The hurdles for dismissal from service are high: it must involve massive attacks on the free-democratic basic order that reveal an aggressive, combative attitude.

What about a disciplinary action?

Disciplinary proceedings could be simpler than an indictment by a judge, because this does not require a two-thirds political majority. But here, too, the initiation of the procedure could fail – namely due to questions of jurisdiction. From the point of view of the Saxon Ministry of Justice, it should be operated by the court to which Maier is assigned as a judge. No proceedings can therefore be initiated before his return to justice.

The legal scholar Fischer-Lescano disagrees. He sees the Saxon Ministry of Justice as responsible. In exceptional cases, when there is no court to which the person is assigned, the ministry may very well intervene.

In addition: As a judge, the rule of moderation applied to Maier.

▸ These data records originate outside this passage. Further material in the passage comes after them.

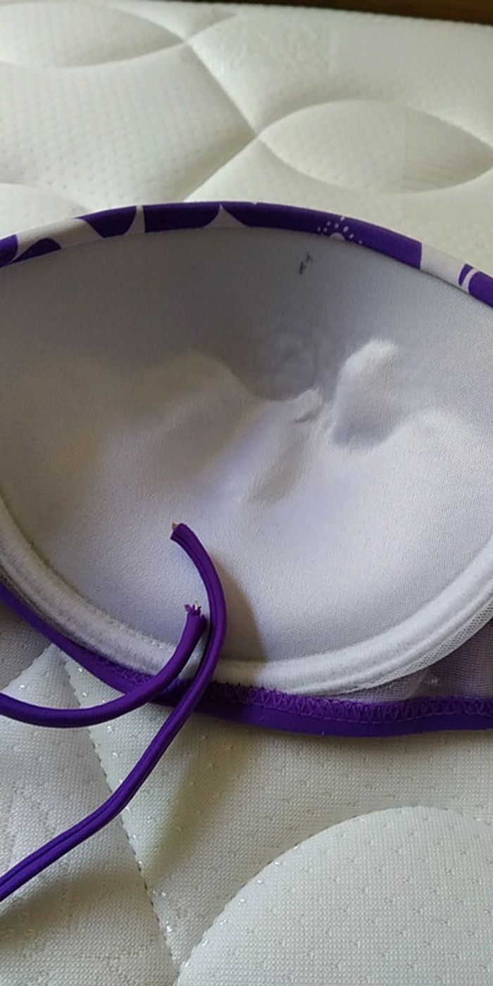 Maillot de bain violet, indiqué taille 44 mais taille petit correspond plus à une taille 40. Excellent état, juste voir dernière photo, mini tâche à l'intérieur du haut qui n'est pas du tout visible lorsque le maillot de bain est porté. Et sur attache du cou (voir dernière photo), légèrement blanc visible mais vraiment très léger. Sinon état impeccable
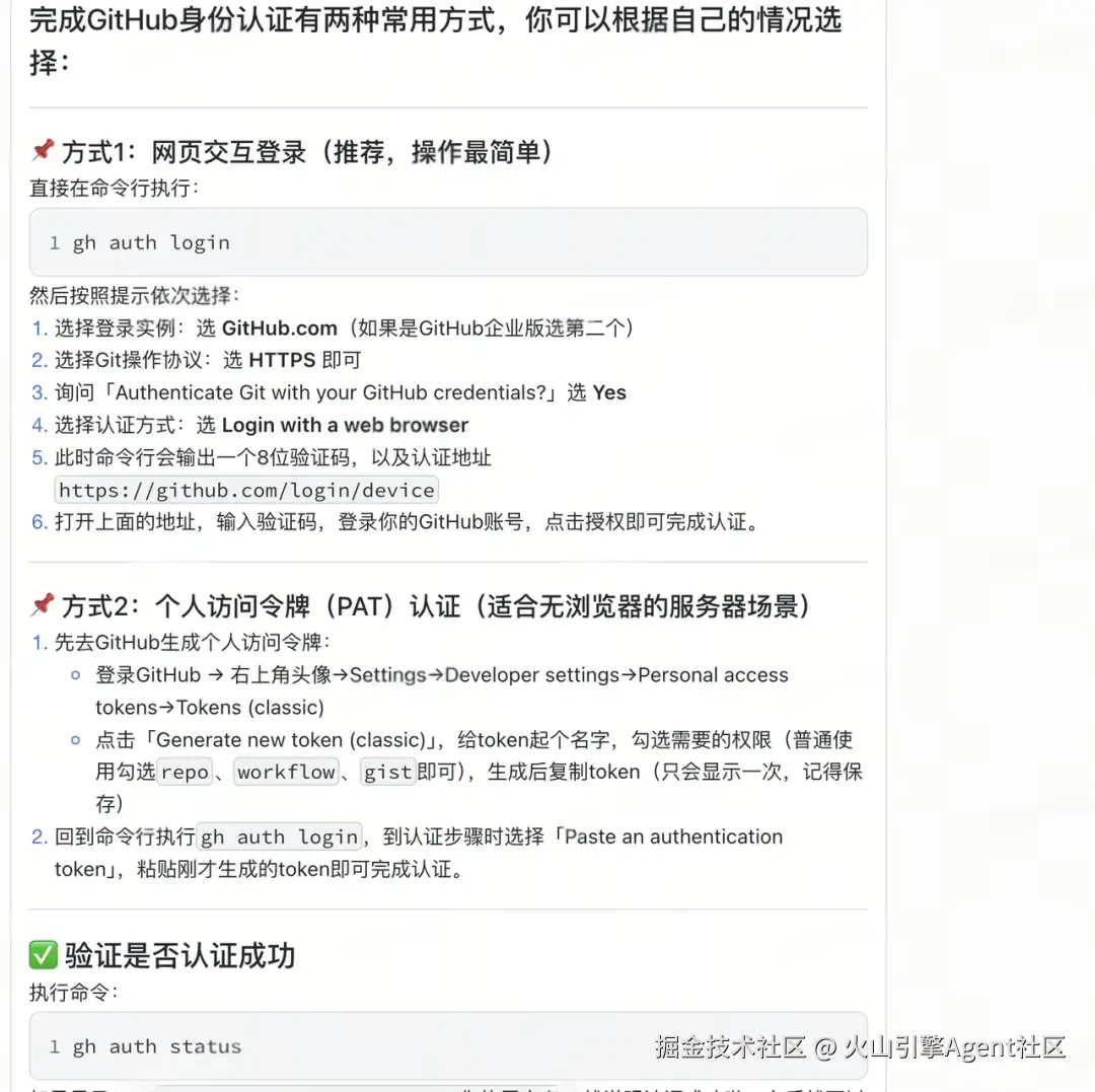 - 结构化输出: 所有 gh 命令都支持 --json 格式输出,并可通过 --jq 进行过滤,这使得 AI 能够轻松解析和利用返回的数据。
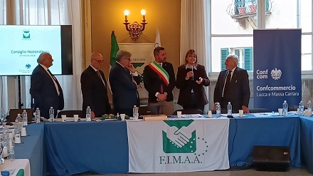 Prestigioso appuntamento per il Mondo di Confcommercio Lucca Massa Carrara, che nella giornata di venerdì ha ospitato a Palazzo Sani i lavori in seduta straordinaria della giunta e del consiglio direttivo nazionale di Fimaa, la Federazione italiana mediatori agenti d'affari che fa parte del Sistema Confcommercio. Giunta e consiglio che di solito si riuniscono a Roma ma che stavolta, in via appunto eccezionale, si sono ritrovati in seduta itinerante a Lucca: una sorta di riconoscimento per il lavoro svolto dalla federazione a livello locale. Quella di Lucca, infatti, è la quarta provincia d'Italia per numero di agenti immobiliari associati a Fimaa. Per l'occasione in città sono giunti oltre 40 fra i massimi esponenti nazionali della federazione, guidati dal presidente Santino Taverna. A fare gli onori di casa anche il presidente di Confcommercio Lucca Massa Carrara Ademaro Cordoni, che ha voluto sottolineare la costante crescita a livello locale di Fimaa sotto la guida da anni del presidente interprovinciale Alessandro Gabriele. Cordoni, assieme alla direttrice Sara Giovannini, ha anche consegnato a Taverna un libro in segno di ricordo di questa giornata. Nel pomeriggio, poi, il gradito saluto istituzionale del vicesindaco di Lucca Fabio Barsanti, presente in rappresentanza dell'amministrazione comunale assieme all'assessore alle attività produttive Paola Granucci, storica associata Fimaa in virtù della sua professione di agente immobiliare. I componenti della giunta e del consiglio direttivo si sono poi concessi un giro per il centro storico, elogiando le bellezze della città.
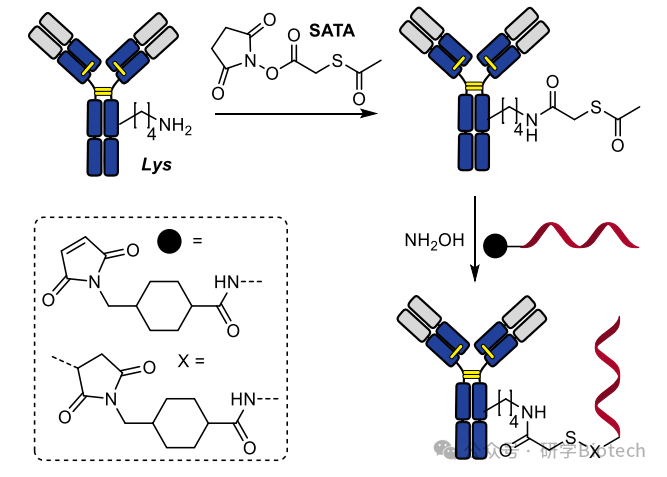 SATA试剂常用于在蛋白质赖氨酸残基上引入保护性硫醇基团。随后可使用羟胺轻松脱保护。该方法适用于单克隆抗体的潜在硫醇化修饰。具体步骤:首先用SATA修饰抗体以引入保护性硫醇残基;接着用 SMCC 修饰DNA片段,生成含马来酰亚胺的DNA;最后通过向SATA修饰的抗体中加入羟胺(生成游离硫醇基团)并加入活化的DNA-马来酰亚胺片段,启动偶联反应。(图10所示)

So he had to refrain from expressing his opinions in public. During his time as a member of parliament, however, this judge’s duty was suspended. The extent to which any right-wing extremist statements by Maier as a member of parliament should be taken into account in disciplinary proceedings has not yet been legally clarified.

Not an isolated case

The Stuttgart Higher Regional Court had to decide on a similar constellation in March 2021 in the case of AfD politician Thomas Seitz. As a result, the court confirmed the dismissal of the man as public prosecutor because of anti-immigrant and Islamophobic publications on the Internet. With his statements, the lawyer seriously violated his duties of loyalty to civil servants. However, Seitz was concerned with statements made during his time as an active public prosecutor.

The legal scholar Fischer-Lescano sees the “impartiality of the judiciary and its loyalty to the constitution” at serious risk. If you don’t put up a “stop sign” in the Maier case, that would encourage other members of the judiciary to “further radicalize themselves, to continue to write excessive political assessments in judgments and decisions (…) where they have no business.”

A judge of the Giessen Administrative Court did this around 2019. In a verdict, he explained at length why the NPD election slogan “Stop the invasion: kill migration” was not incitement to hatred, but merely represented reality. The judgment had an aftermath: An asylum seeker rejected the judge as biased and was right at the Federal Constitutional Court: The detailed and clear positioning of the judge on the subject of migration justifies mistrust of his impartiality.